Records drawn from a dataset:
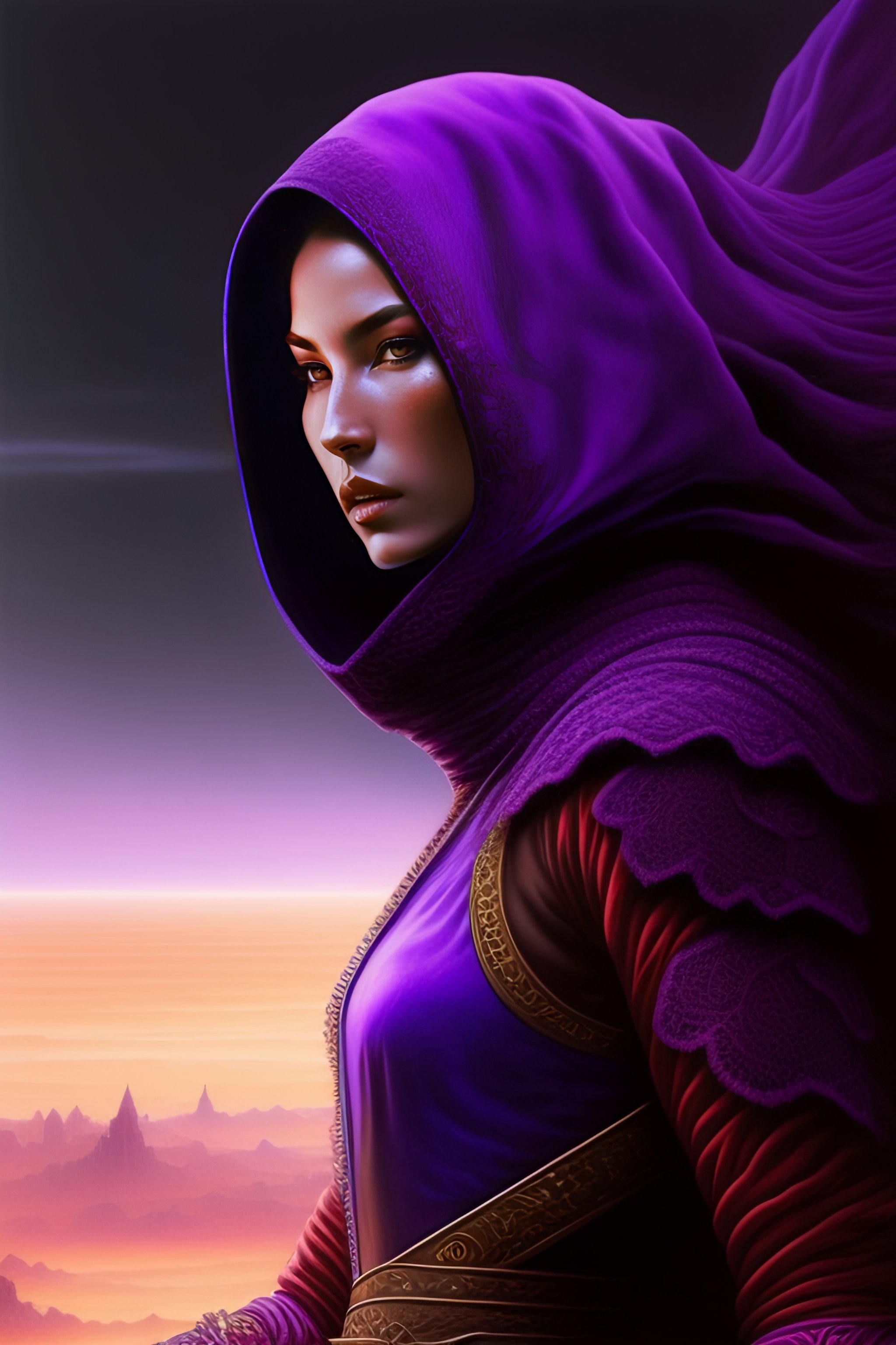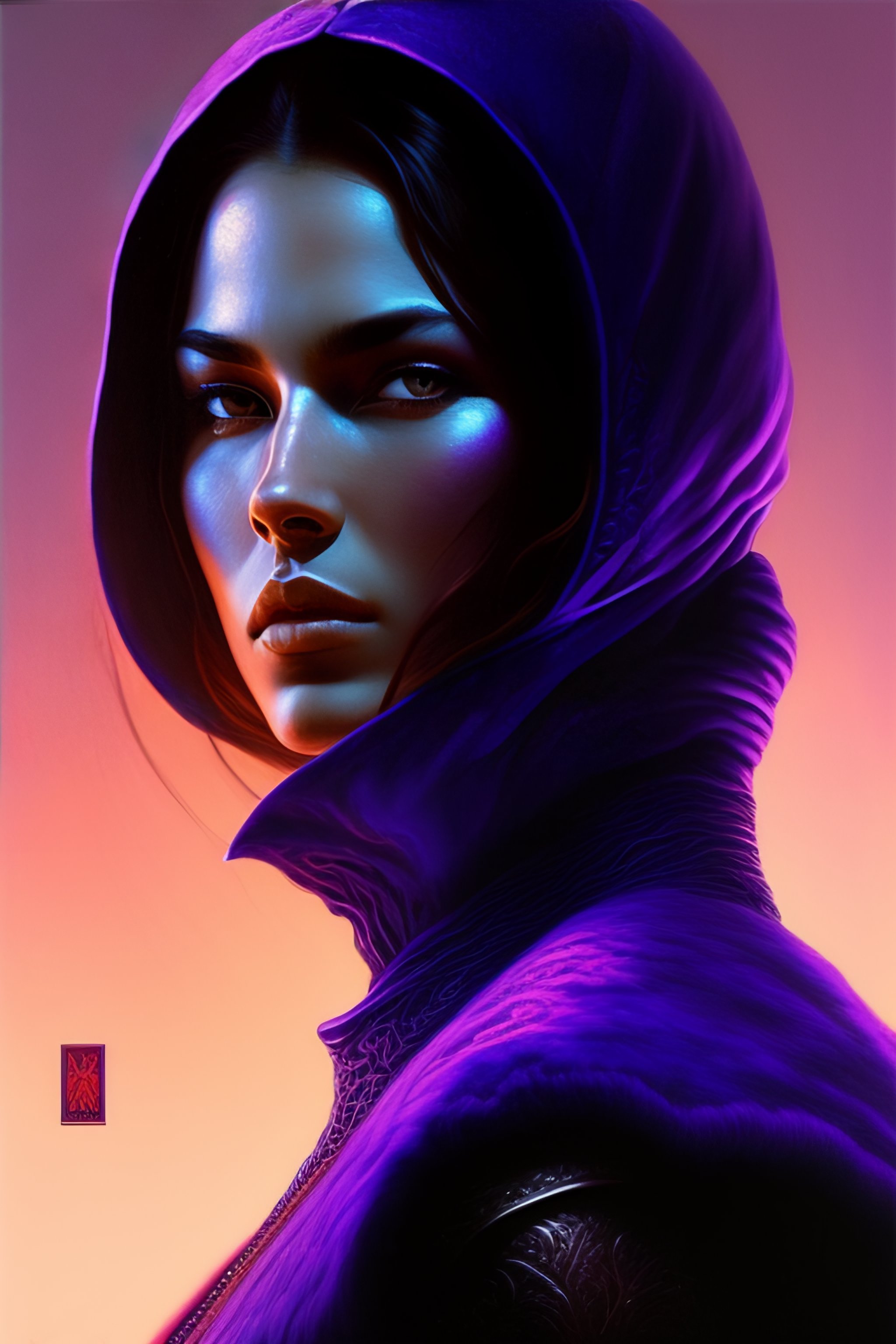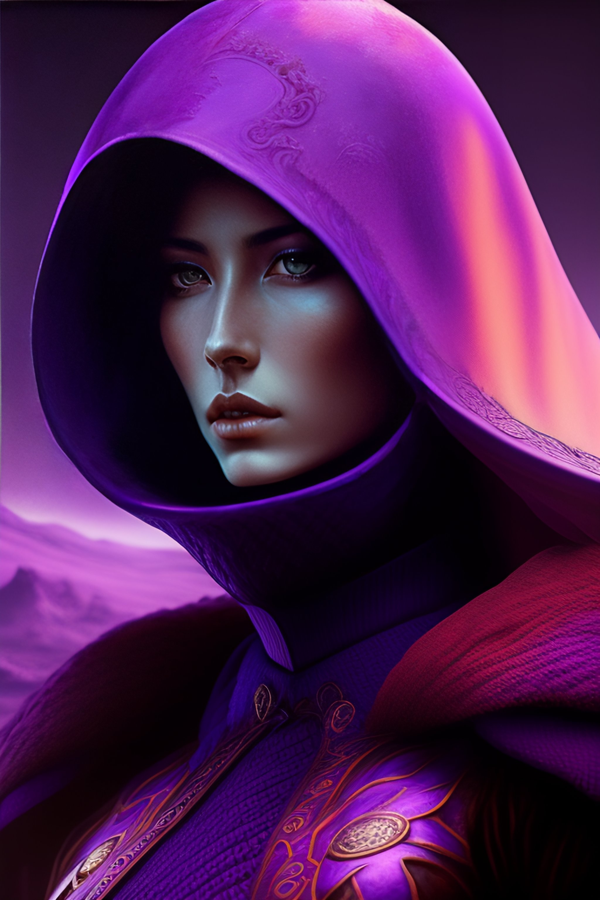 Beksinski mortal kombat dark purple female character with turtle neck big sword
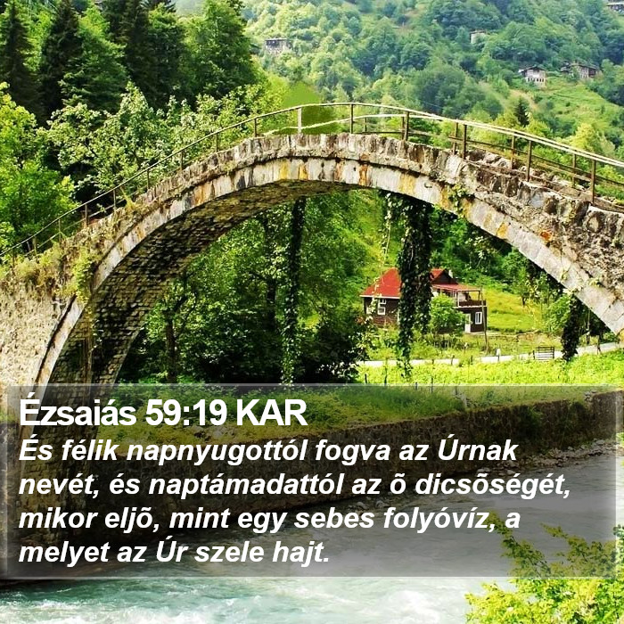 „És félik napnyugattól az Úr nevét, és napkelettől az ő dicsőségét; mert mikor eljő, mint egy sebes folyóvíz, amelyet az Úr szele hajt.”
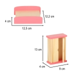 Każdy element wykonany jest z wysokiej jakości drewna, gładko wyszlifowany i pomalowany trwałymi farbami w odcieniach fioletu i różu, co zapewnia długą żywotność i bezpieczną zabawę.
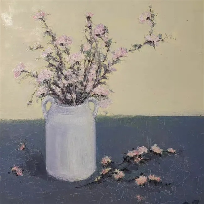白罐藏春,粉花映暖,以油彩写尽人间春日温柔。
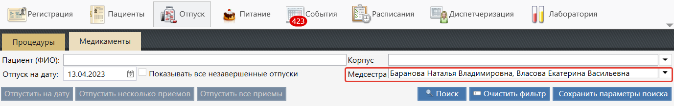 C версии 2.32.1439 добавлен фильтр по Палатный медсестрам:
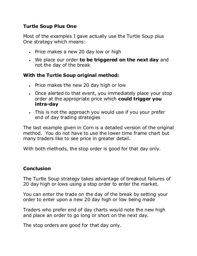 (While supplies last!) Access to two exclusive BONUS Episodes of The No Homework Zone each month!. 3 Four trading days later the market is 12 points lower 1 New highs (caused by record earnings) I79 ^78 7/3 7/5 7/10 7/17 7/24 8/1 8/3 8/7 8/9 8/14 8/21 8/28 DavJ 3 A 14point gain in nine days The Turtle Soup and Turtle Soup Plus One strategies work in all time frames Here are two examples using 10minute bars. The Turtle Soup pattern is a volatile price action pattern that is more suitable for swing trading Our team at Trading Strategy Guides is working hard to put together the most comprehensive PDF guide to different cryptocurrency strategies.
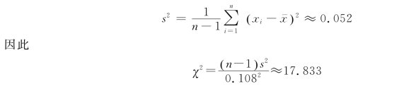 解:建立待检假设H0:σ2=0.1082;H1:σ2≠0.1082。在H0成立时,样本来自总体N(μ,0.1082)。这时
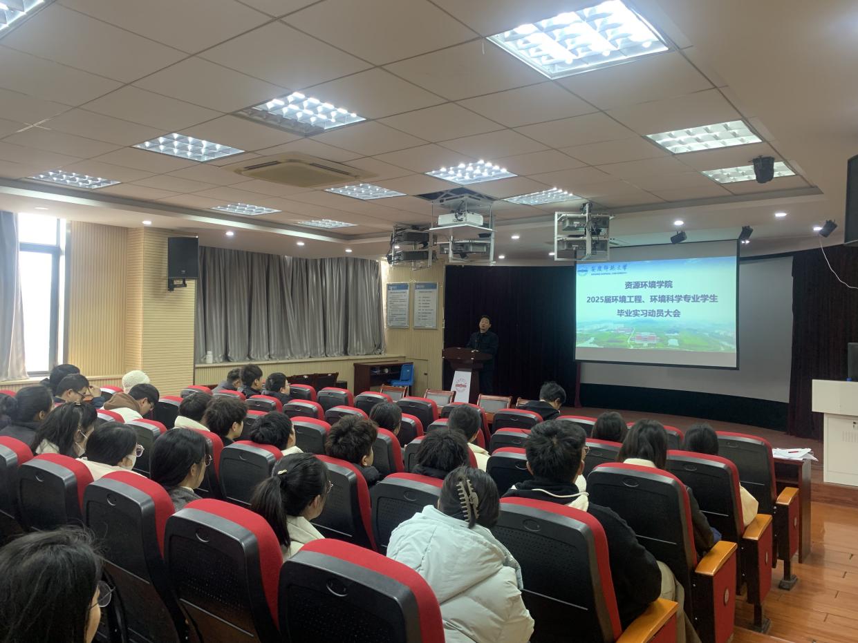 2月26日上午,yl23411永利官网在F411报告厅召开2025届环境工程、环境科学专业毕业实习动员大会。公司党委副书记黄建平、实习指导教师、毕业班辅导员及2025届环境类专业员工参加会议,会议由环境工程教研室教师黄小丁主持。
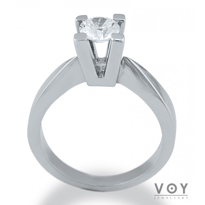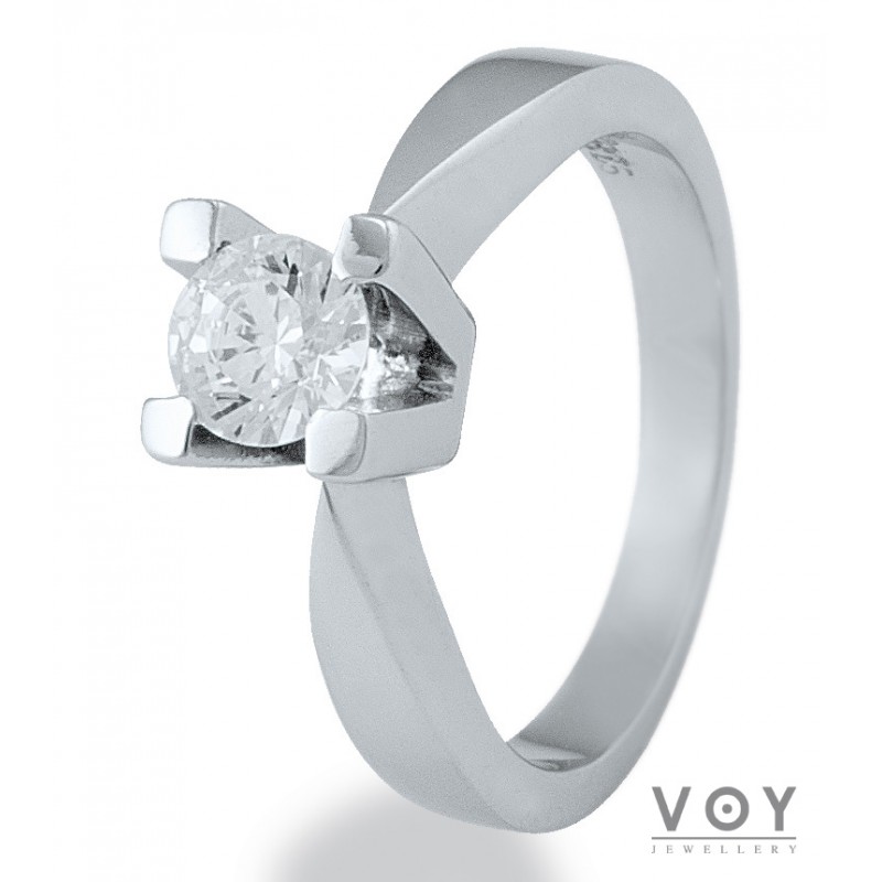 Δεξιοτεχνία, αρμονία και τελειότητα χαρακτηρίζει αυτό το μονόπετρο δαχτυλίδι από 18 καράτια Λευκόχρυσο με Διαμάντι.
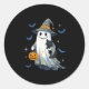 Sticker Rond Halloween Ghost Witch Holding Black Cat Funny Hall
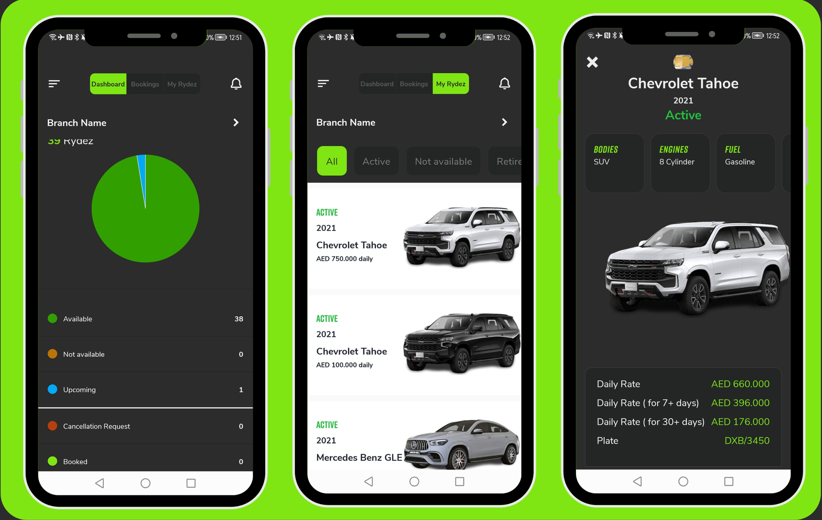 Effortlessly locate the requested car by applying filters based on branch, and status (rented, available, unavailable, upcoming pickup/delivery).

* [Directions for this task]: Only the lines from the one containing "Δεξιοτεχνία, αρμονία και" through the last line of the data belong in the copy, both included and reproduced exactly. Pictures do not.

* [Response below]:
 Δεξιοτεχνία, αρμονία και τελειότητα χαρακτηρίζει αυτό το μονόπετρο δαχτυλίδι από 18 καράτια Λευκόχρυσο με Διαμάντι.
 Sticker Rond Halloween Ghost Witch Holding Black Cat Funny Hall
 Effortlessly locate the requested car by applying filters based on branch, and status (rented, available, unavailable, upcoming pickup/delivery).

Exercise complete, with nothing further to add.